Terian’s gaze came back to him, found his, and there was something in it that Cyrus couldn’t define, some depth that made Cyrus think of an open window, curtains stirred by a breeze only slightly to reveal furnishings inside. He caught a hint before the curtains blew back into place and hid the room within from view once more. “I don’t know. You got your vengeance, once upon a time, didn’t you? For your friend, after he died?”

“After we were betrayed?” Cyrus remembered, with a knot in his stomach, Narstron, his oldest friend. Of how he died. “Not revenge. Not really. Besides, this is … different.”

“Is it?” Terian took his hand and brought it to his lips, pursing them to catch the next drop before it fell to the ground. “Hurt is hurt, right? Pain is pain.”

Cyrus recalled the gut-punch pain, the agony of realizing later that people they had been allied with had betrayed him. Vara’s words came back to him again: We will not be, cannot be. Not ever …

“No,” Cyrus said. “It’s not the same.” He weighed the sensations, the loss of his oldest friend, the anguish of it all, and found it … lacking.

“I suppose,” Terian said. “Death is a much more … permanent wound, and the vengeance so much more … deserving.”
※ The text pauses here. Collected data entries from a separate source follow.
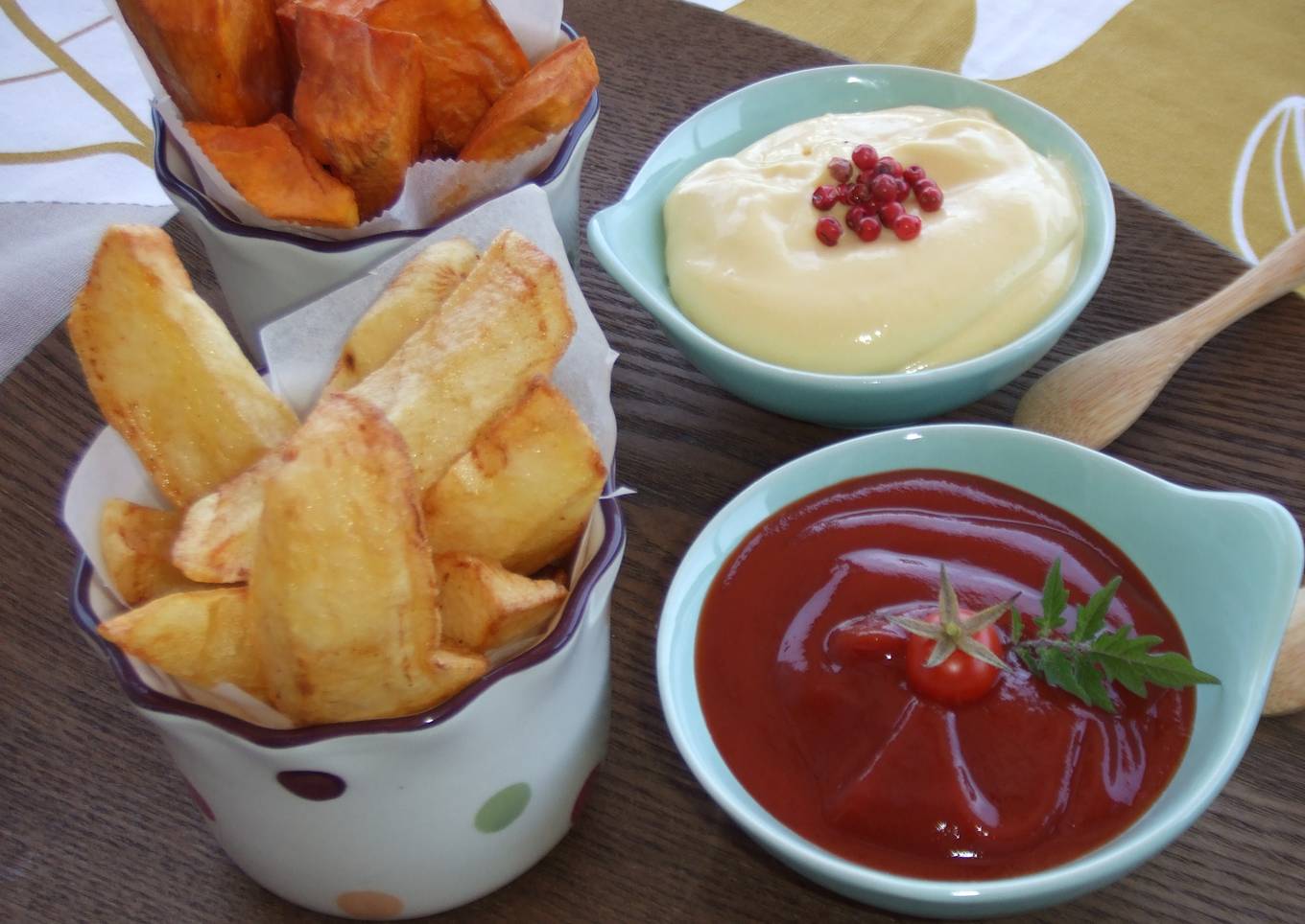Instructions to make to make Bastones de patatas y batatas fritas con salsas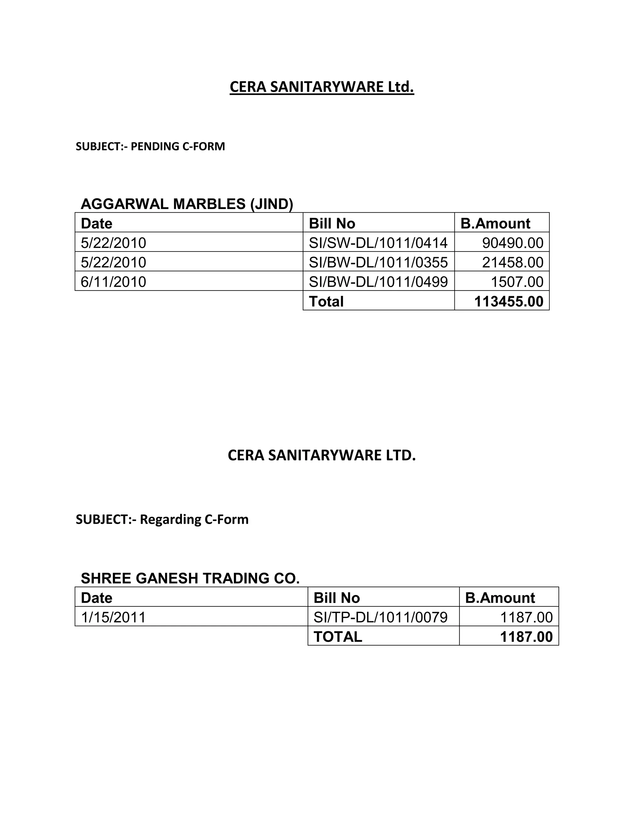 Aggarwal Marbles in Jind owes Cera Sanitaryware Ltd. Rs. 1,13,455 according to three unpaid bills from May and June 2010. Shree Ganesh Trading Co. owes Rs. 1,187 according to an unpaid January 2011 bill. Cera Sanitaryware Ltd. is following up about pending C-forms from these two customers who have outstanding payments.
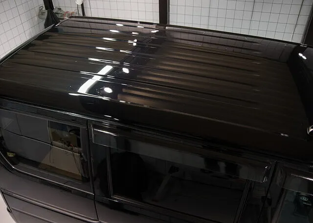 ガラス被膜の上には硬化型ガラスコーティングとマッチングされたトップコートを施工することで防汚性を高めています。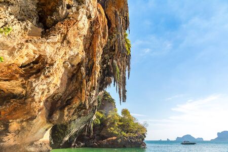 Cliff and the clear sea with a boat near Phi Phi island in south of Thailand
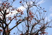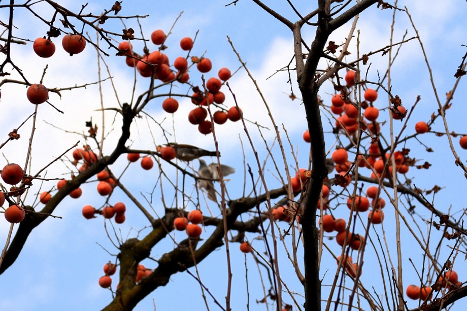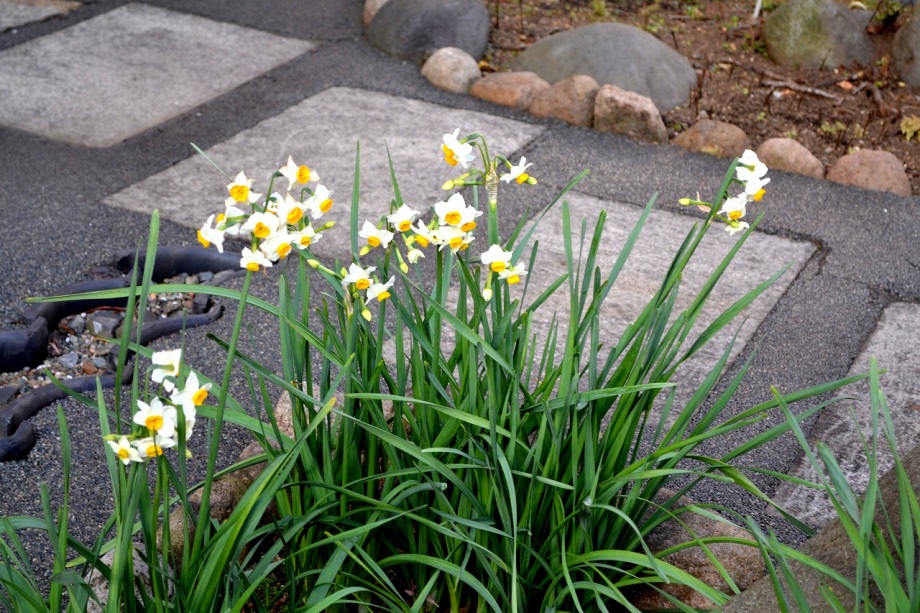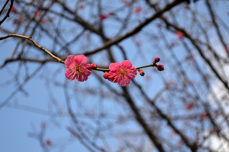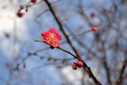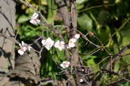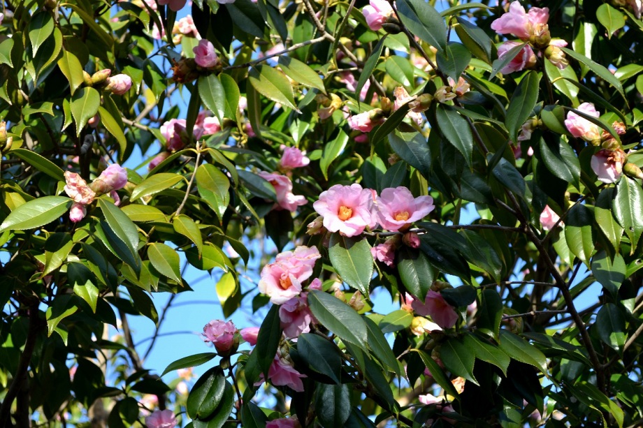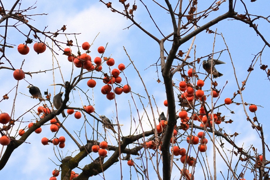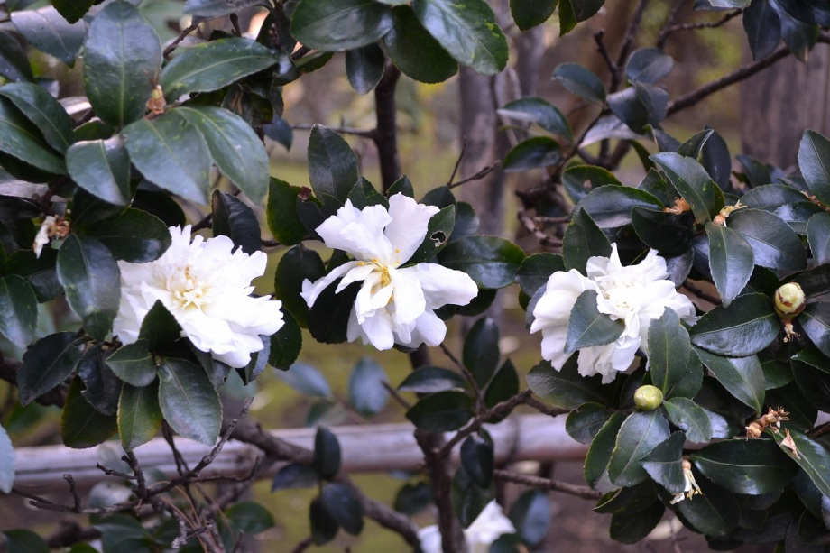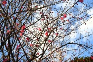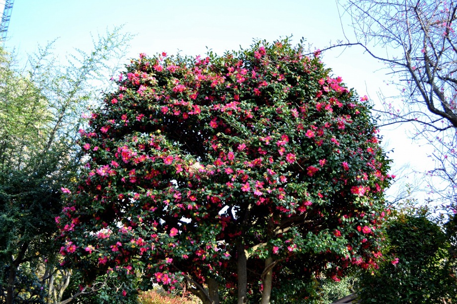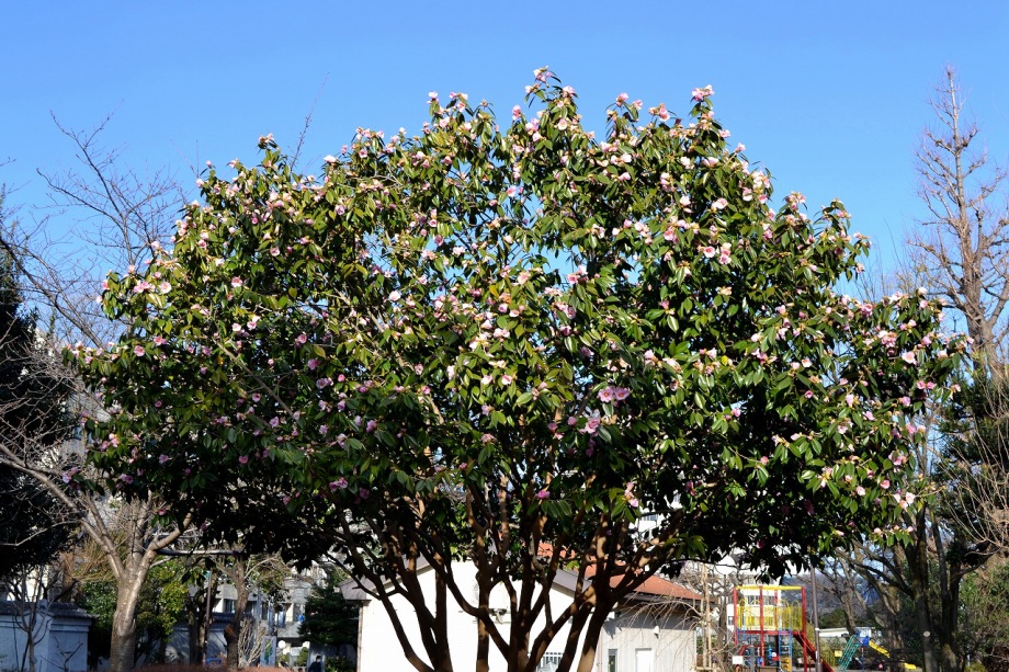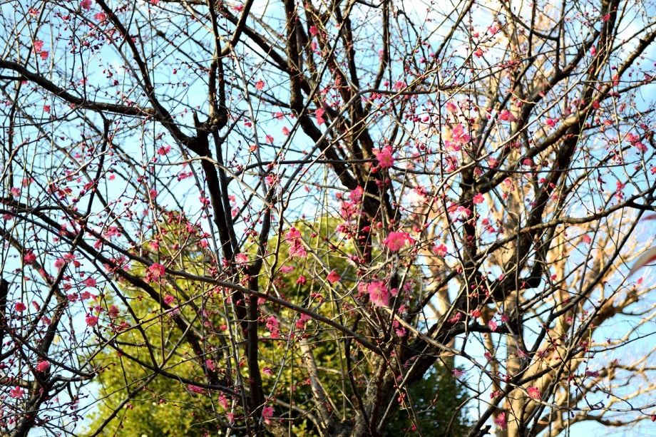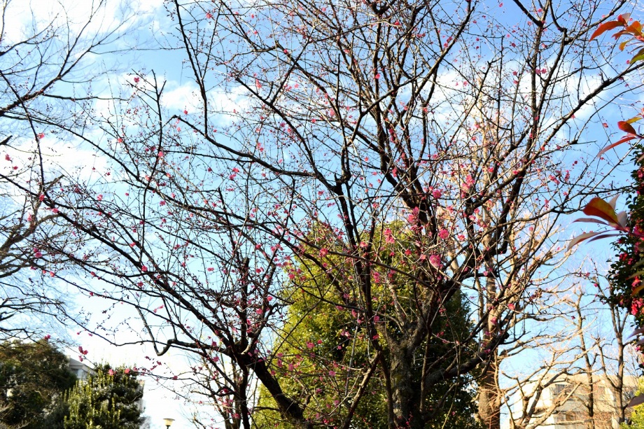 亀塚公園には紅梅が咲き始めていました。水仙や椿も咲いていましたが、地面には椿の花がたくさん落ちていました。三田台公園の柿の木にはたくさん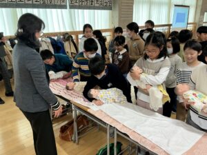 また、赤ちゃんの抱っこの仕方も教えていただき、実際に人形を抱っこする体験をしました。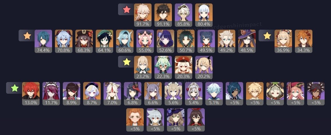 Какого персонажа чаще всего используют в бездне в Genshin impact?

Cyrus stared out again, across the dunes, without answering. The hundred fires left spots in his vision as he cast his gaze over them then turned his eyes again toward the sea. Endless, infinite, and deep beyond any measure he could fathom. The sea goes down, perhaps forever. The blackness it contained was akin to the darkness within him, the empty cold that threatened to swallow him in despair. He felt a hand clap him on the back as Terian turned and walked away. He did not watch the dark knight go, absorbed as he was in his own thoughts.

It’s warm enough; I shouldn’t feel a chill. But it was there. The pain of losing Narstron had been bitter and hard, had laid him low for days, long days filled with a despair that choked out any happiness or possibility thereof in the future. It had been darker than the days when his wife had left him-darker than any save for those at the Society of Arms …

Until now. The little points of light that the fires had left in his vision seemed to coalesce, to flash in front of him, to give him an image, one that he wanted and yet wished he could blot from his memory. A face, her skin as pale as the northern snowfields, her hair as yellow as the gold he carried in his purse, eyes as blue as glacial ice. He felt the same pang, again, inside, the dagger wound that she’d left him with.

Cyrus tasted the bitterness on his tongue again, the sadness that clung to him like a cloak. He looked back to his bedroll and knew that his slumber was over for the night. The moon hung in the sky overhead, far above him, and he drew an uneasy breath. The morning was far, far off, many hours away, and yet it would come, inevitably, and he would marshal his armies and drive them across the bridge that he had seen by last light, the one that stretched over the infinite sea, over the unfathomable depths, one that he’d been told led to a new land and an uncertain future.

And perhaps, somewhere over there, I will forget about her-the blond-haired elf with the pale skin, and her words, the ones that had cut him deeper than any pain that the warrior in black armor had ever felt in his life.

Chapter 3

Sunrise found Cyrus staring out across the water, watching as the red disc rose over the horizon. The chatter of the young warriors and rangers had died down only a few hours earlier, and he had been left alone with his thoughts, staring across the Sea of Carmas as the first members of his army began to rise. Cyrus heard the sound of footsteps in the sand behind him and turned to see Curatio, his pointed elven ears catching the light and casting shadows on the side of his head.